**Records supplied**
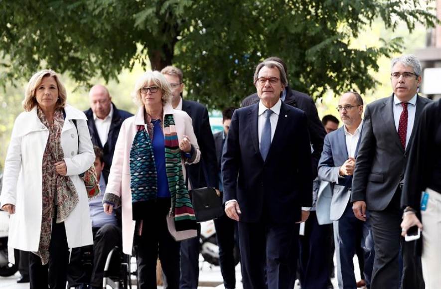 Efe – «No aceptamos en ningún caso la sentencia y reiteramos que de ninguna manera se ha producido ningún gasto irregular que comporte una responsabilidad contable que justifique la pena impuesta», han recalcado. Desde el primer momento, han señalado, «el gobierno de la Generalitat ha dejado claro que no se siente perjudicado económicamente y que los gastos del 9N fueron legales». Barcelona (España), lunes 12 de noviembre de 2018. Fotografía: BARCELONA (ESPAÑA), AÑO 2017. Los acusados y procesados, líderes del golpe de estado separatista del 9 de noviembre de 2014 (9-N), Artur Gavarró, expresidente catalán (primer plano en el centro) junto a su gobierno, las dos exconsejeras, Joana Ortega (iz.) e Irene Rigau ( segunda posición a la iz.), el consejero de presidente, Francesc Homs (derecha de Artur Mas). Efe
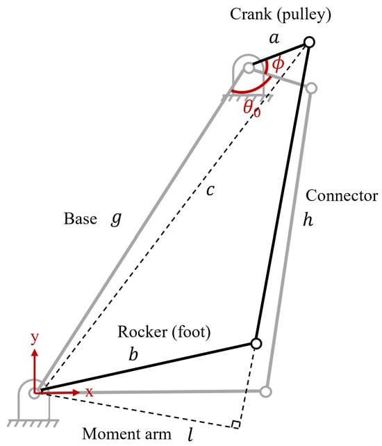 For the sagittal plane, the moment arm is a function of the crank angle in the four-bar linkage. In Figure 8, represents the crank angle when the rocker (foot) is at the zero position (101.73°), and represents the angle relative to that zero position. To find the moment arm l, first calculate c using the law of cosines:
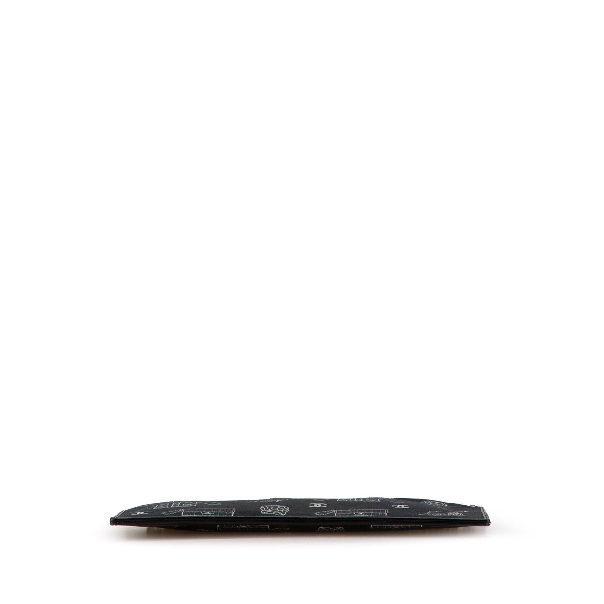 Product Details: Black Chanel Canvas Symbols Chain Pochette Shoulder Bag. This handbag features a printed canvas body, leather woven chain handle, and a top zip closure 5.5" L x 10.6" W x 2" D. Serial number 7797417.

---

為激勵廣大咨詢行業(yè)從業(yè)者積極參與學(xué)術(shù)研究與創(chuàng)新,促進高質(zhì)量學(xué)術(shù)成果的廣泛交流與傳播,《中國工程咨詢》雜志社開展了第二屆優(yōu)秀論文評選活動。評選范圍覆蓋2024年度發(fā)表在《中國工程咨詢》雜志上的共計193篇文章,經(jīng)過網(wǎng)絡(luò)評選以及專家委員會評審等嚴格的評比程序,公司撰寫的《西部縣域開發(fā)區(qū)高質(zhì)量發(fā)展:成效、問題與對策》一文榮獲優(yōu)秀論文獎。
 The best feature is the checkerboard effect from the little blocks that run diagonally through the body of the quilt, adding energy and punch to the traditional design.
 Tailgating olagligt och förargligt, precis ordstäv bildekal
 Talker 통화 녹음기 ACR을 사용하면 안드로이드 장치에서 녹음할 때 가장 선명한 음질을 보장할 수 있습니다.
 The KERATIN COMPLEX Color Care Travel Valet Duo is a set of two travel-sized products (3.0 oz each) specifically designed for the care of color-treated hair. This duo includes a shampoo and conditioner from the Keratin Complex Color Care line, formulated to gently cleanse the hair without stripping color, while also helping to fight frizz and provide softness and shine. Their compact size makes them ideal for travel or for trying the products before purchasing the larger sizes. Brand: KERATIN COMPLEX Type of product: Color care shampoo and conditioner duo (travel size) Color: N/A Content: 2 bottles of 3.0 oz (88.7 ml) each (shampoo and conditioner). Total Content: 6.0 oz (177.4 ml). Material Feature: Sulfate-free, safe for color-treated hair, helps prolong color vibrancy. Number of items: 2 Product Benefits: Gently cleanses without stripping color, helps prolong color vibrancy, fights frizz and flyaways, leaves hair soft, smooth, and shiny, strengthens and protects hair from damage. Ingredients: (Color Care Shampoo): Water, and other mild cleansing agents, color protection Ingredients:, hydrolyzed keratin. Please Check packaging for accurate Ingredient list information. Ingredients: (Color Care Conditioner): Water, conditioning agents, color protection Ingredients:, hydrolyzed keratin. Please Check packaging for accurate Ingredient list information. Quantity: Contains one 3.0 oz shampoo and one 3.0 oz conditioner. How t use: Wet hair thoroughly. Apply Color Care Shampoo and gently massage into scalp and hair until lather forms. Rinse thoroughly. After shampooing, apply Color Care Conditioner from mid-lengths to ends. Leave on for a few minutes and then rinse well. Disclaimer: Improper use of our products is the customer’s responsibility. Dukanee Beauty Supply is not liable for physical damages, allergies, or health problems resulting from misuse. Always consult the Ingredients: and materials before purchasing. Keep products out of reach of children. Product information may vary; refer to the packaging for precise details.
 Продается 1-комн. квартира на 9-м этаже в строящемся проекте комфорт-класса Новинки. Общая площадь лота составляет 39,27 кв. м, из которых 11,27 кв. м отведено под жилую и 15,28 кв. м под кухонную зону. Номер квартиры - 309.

**Your goal**
Please return the lines above that run from the line containing "The best feature" to the line containing "Tailgating olagligt och", inclusive, exactly and with no other lines.

**Response box**
 The best feature is the checkerboard effect from the little blocks that run diagonally through the body of the quilt, adding energy and punch to the traditional design.
 Tailgating olagligt och förargligt, precis ordstäv bildekal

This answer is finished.